### Assignment
From the line with "2023年4~6月期の近畿圏" to the line with "Edytor tapety: Babeczka", output every line below exactly, both ends included. Skip the pictures.

### Provided data
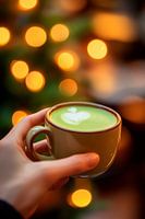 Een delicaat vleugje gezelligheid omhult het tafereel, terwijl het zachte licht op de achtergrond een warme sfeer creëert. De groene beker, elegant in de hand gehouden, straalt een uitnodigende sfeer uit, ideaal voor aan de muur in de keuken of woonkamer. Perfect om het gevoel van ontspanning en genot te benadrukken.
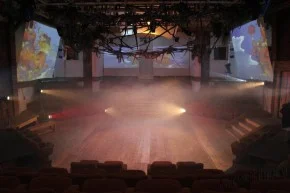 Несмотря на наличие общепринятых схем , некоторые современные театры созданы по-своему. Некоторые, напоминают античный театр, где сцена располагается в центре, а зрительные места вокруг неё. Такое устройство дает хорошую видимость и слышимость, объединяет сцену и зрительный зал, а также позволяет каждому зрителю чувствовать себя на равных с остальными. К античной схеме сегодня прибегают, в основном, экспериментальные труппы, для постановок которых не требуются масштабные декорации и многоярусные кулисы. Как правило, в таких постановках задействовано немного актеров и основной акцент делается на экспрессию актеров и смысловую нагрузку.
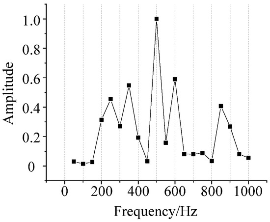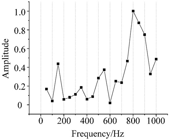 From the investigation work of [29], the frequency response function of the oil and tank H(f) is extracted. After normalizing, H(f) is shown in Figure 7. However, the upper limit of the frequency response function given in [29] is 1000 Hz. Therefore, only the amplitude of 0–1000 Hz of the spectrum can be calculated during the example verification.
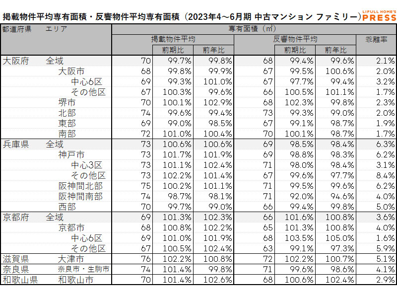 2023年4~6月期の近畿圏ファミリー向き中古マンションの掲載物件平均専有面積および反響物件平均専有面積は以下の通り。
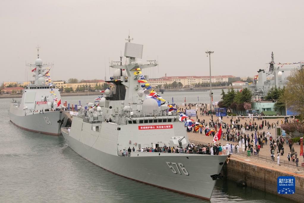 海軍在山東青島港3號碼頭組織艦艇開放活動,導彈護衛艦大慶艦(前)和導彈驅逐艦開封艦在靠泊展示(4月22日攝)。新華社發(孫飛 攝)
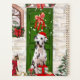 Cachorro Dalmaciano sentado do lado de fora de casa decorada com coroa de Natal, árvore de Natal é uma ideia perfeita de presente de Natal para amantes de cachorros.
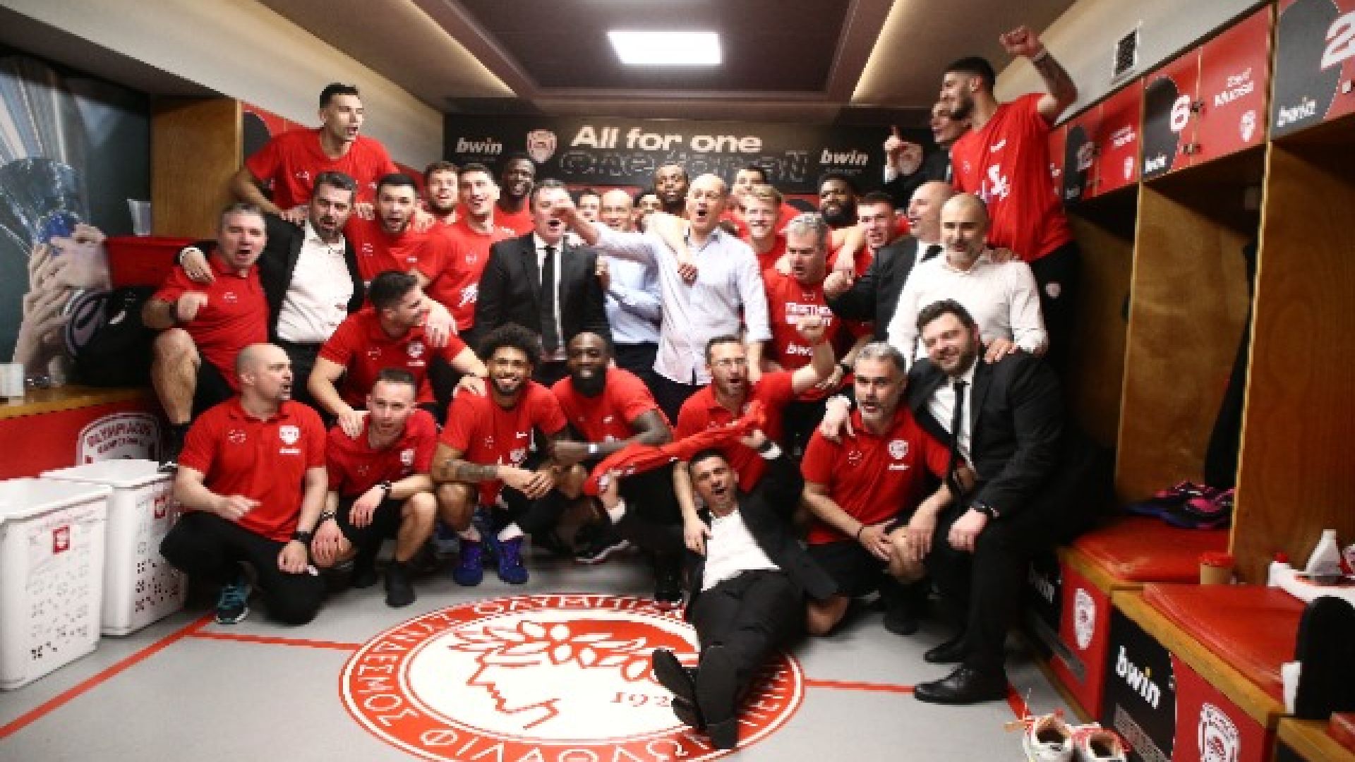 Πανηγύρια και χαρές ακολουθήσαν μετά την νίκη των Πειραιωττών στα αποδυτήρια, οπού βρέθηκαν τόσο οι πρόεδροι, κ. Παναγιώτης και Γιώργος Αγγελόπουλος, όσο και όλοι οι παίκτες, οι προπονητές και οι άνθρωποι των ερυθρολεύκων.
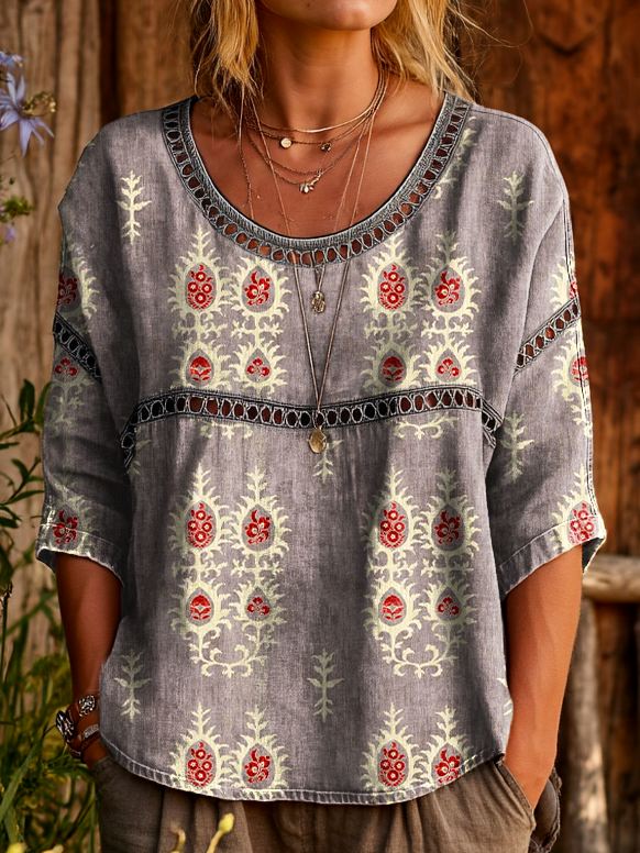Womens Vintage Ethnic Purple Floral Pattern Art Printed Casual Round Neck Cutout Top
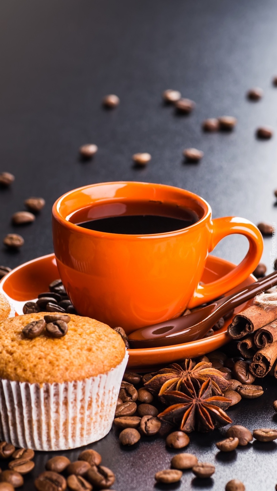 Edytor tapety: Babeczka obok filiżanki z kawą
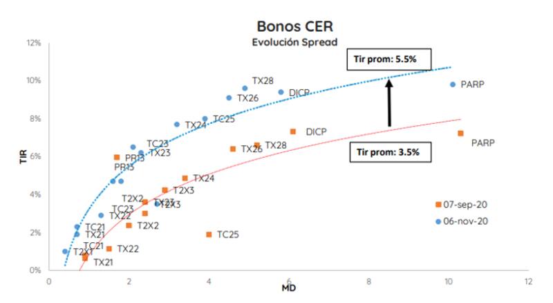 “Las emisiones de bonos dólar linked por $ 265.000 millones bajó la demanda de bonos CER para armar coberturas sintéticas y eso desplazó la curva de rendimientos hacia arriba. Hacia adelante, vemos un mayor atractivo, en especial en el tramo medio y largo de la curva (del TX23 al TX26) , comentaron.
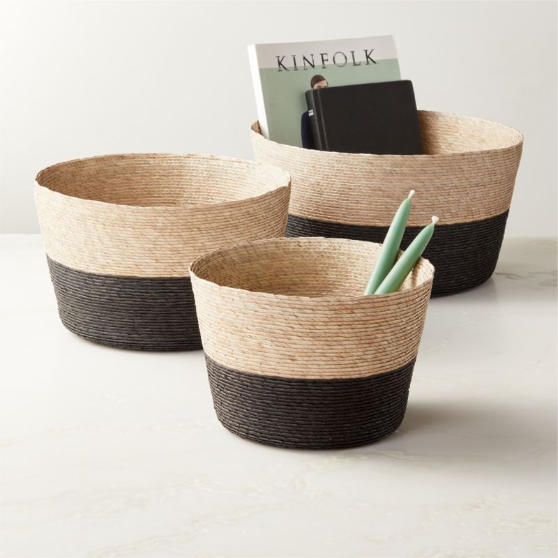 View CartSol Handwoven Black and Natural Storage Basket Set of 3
--
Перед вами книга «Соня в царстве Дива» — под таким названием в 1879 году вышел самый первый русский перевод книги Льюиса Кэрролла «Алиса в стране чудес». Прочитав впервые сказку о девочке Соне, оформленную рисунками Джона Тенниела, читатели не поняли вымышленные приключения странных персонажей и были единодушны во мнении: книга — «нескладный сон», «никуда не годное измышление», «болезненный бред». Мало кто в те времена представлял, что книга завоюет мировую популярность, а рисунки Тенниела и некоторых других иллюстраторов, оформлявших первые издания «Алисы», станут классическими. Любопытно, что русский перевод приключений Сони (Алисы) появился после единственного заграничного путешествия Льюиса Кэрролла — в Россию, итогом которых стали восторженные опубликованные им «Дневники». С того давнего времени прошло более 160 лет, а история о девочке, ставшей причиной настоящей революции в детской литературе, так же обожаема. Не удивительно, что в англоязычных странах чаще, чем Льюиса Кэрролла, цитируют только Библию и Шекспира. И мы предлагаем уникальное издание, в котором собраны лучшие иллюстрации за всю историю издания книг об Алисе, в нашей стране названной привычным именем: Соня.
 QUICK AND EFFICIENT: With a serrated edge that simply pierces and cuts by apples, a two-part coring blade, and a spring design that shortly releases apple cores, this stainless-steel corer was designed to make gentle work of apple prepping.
--
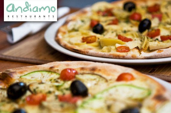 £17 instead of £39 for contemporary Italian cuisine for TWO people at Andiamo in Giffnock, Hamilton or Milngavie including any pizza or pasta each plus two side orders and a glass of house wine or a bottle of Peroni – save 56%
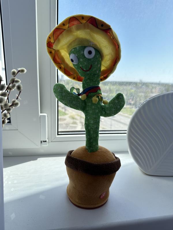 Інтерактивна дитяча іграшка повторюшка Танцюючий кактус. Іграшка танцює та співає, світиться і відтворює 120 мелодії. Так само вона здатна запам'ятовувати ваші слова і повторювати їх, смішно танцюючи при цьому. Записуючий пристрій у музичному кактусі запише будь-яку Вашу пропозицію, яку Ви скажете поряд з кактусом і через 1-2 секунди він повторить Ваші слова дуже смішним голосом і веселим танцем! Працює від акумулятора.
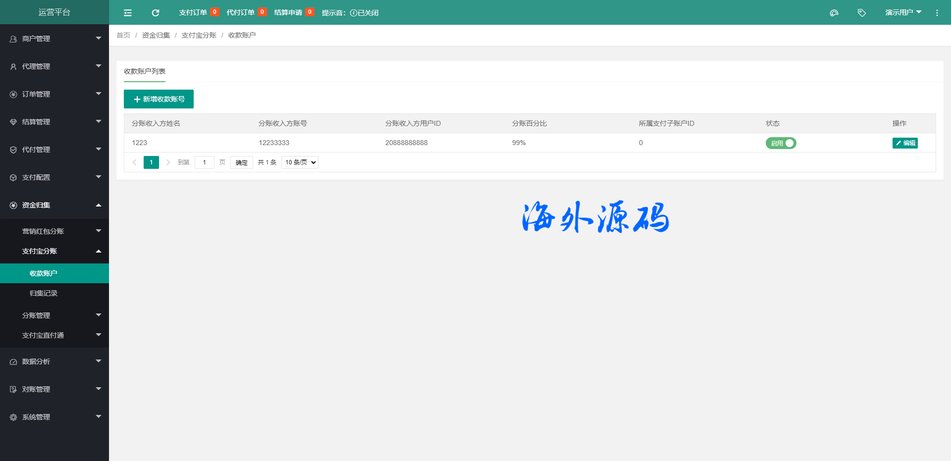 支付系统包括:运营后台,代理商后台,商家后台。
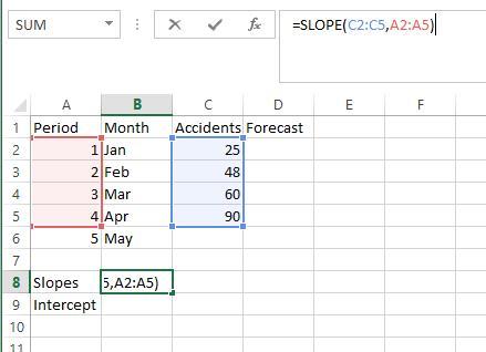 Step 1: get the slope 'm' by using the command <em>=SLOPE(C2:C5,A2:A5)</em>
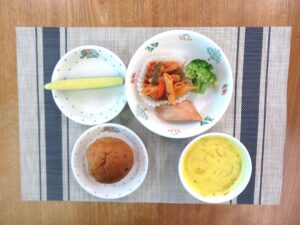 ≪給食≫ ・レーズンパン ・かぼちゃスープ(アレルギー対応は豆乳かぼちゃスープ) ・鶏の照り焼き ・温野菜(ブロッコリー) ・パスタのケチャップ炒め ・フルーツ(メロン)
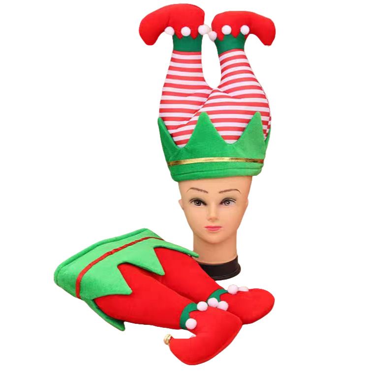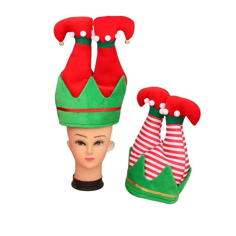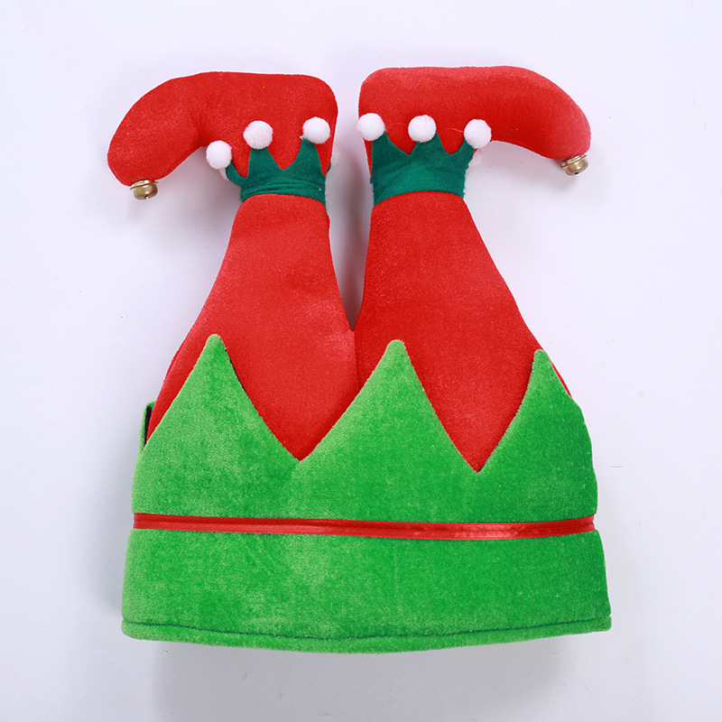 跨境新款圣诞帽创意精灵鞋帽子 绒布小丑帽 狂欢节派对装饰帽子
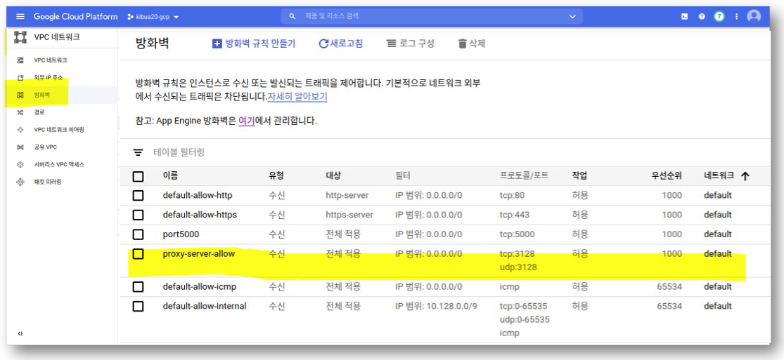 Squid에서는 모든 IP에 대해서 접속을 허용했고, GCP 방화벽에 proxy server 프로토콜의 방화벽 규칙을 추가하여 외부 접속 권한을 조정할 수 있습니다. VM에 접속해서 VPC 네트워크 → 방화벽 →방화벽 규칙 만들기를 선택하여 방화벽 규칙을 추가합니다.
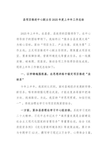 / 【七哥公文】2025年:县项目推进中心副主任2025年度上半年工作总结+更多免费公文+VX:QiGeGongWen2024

### Response to this task
 2023年4~6月期の近畿圏ファミリー向き中古マンションの掲載物件平均専有面積および反響物件平均専有面積は以下の通り。
 海軍在山東青島港3號碼頭組織艦艇開放活動,導彈護衛艦大慶艦(前)和導彈驅逐艦開封艦在靠泊展示(4月22日攝)。新華社發(孫飛 攝)
 Cachorro Dalmaciano sentado do lado de fora de casa decorada com coroa de Natal, árvore de Natal é uma ideia perfeita de presente de Natal para amantes de cachorros.
 Πανηγύρια και χαρές ακολουθήσαν μετά την νίκη των Πειραιωττών στα αποδυτήρια, οπού βρέθηκαν τόσο οι πρόεδροι, κ. Παναγιώτης και Γιώργος Αγγελόπουλος, όσο και όλοι οι παίκτες, οι προπονητές και οι άνθρωποι των ερυθρολεύκων.
Womens Vintage Ethnic Purple Floral Pattern Art Printed Casual Round Neck Cutout Top
 Edytor tapety: Babeczka obok filiżanki z kawą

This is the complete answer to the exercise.